30718 Records

Discovery
- Discovered by: Indiana University (Indiana Asteroid Program)
- Discovery site: Goethe Link Obs.
- Discovery date: 14 September 1955

Designations
- Named after: Brenda Records (Indiana manager)
- Alternative designations: 1955 RB_{1} · 1955 TJ 1964 PH · 1978 VN_{13} 2001 KW_{67}
- Minor planet category: main-belt (middle) background

Orbital characteristics
- Epoch 4 September 2017 (JD 2458000.5)
- Uncertainty parameter 0
- Observation arc: 61.44 yr (22,442 days)
- Aphelion: 3.6403 AU
- Perihelion: 1.8894 AU
- Semi-major axis: 2.7649 AU
- Eccentricity: 0.3166
- Orbital period (sidereal): 4.60 yr (1,679 days)
- Mean anomaly: 185.58°
- Mean motion: 0° 12^{m} 51.84^{s} / day
- Inclination: 5.2938°
- Longitude of ascending node: 278.31°
- Argument of perihelion: 54.686°

Physical characteristics
- Mean diameter: 9.219±0.022 km
- Geometric albedo: 0.066±0.010
- Absolute magnitude (H): 14.0

= 30718 Records =

Main-belt asteroid

30718 Records (provisional designation ') is a dark background asteroid from the central region of the asteroid belt, approximately 9 kilometers in diameter. It was discovered on 14 September 1955, by Indiana University's Indiana Asteroid Program at its Goethe Link Observatory near Brooklyn, Indiana, United States. It was the program's final discovery and was named after IU's astronomy staff member Brenda Records.

== Classification and orbit ==
Records is a non-family from the main belt's background population. It orbits the Sun in the central asteroid belt at a distance of 1.9–3.6 AU once every 4 years and 7 months (1,679 days). Its orbit has an eccentricity of 0.32 and an inclination of 5° with respect to the ecliptic. As no precoveries were taken, the body's observation arc begins with its official discovery observation in 1955.

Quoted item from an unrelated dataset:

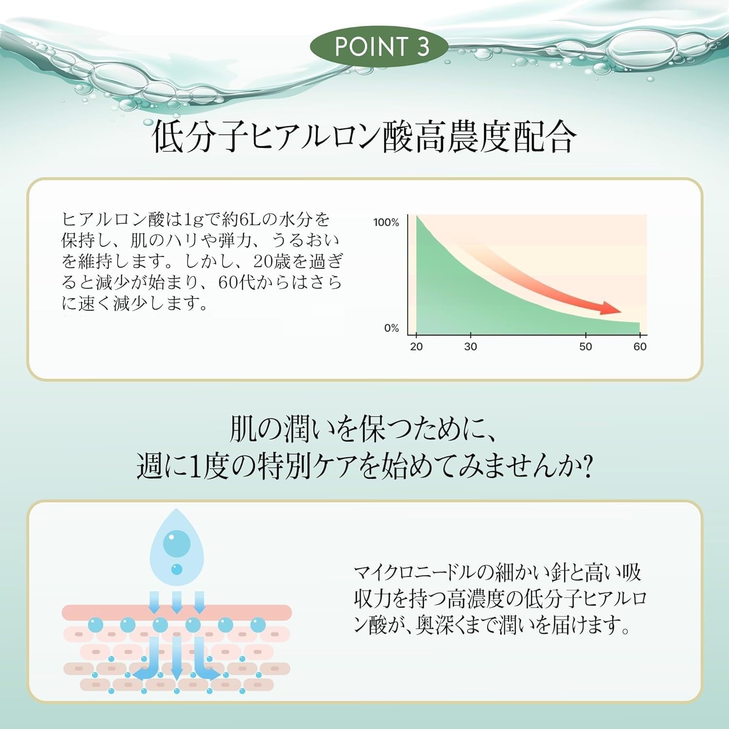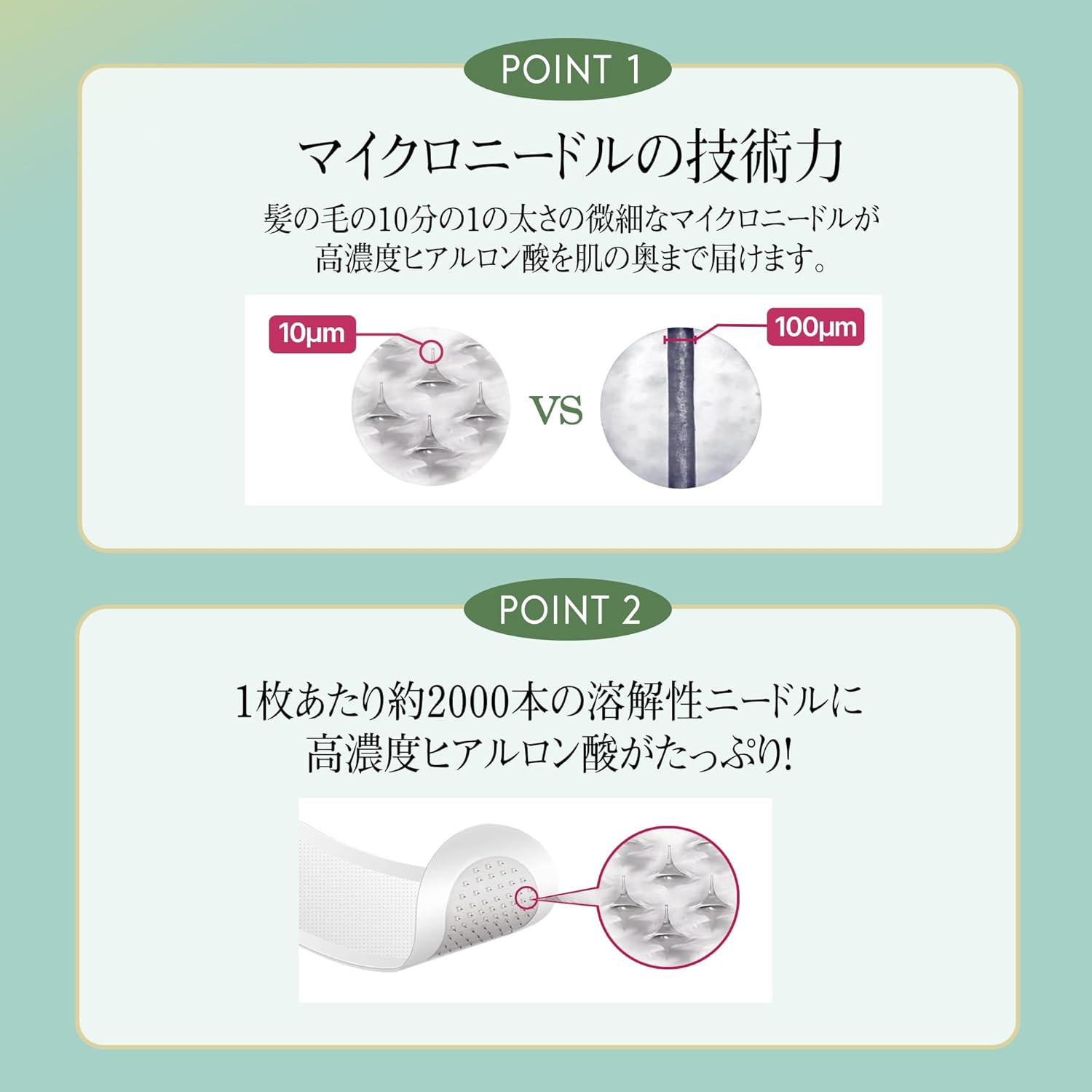 O ácido hialurônico é conhecido por seu poder hidratante, mas devido ao tamanho das suas moléculas, é difícil penetrar na pele apenas com a aplicação de um sérum ou creme. Este adesivo de microagulhas foi desenvolvido para entregar o ácido hialurônico profundamente na pele (camada do estrato), proporcionando hidratação eficaz.

== Physical characteristics ==
According to the survey carried out by the NEOWISE mission of NASA's Wide-field Infrared Survey Explorer, Records measures 9.219 kilometers in diameter and its surface has a low albedo of 0.066.

As of 2018, the asteroid's spectral type, as well as its rotation period and shape remain unknown.

== Naming ==
This minor planet honors Brenda Records (born 1946), who served as office manager for the Indiana University Department of Astronomy for over 20 years. Records was also an administrative assistant to astronomer Frank K. Edmondson, transcribing several of his books. The official naming citation was published by the Minor Planet Center on 24 November 2007 (M.P.C. 61269).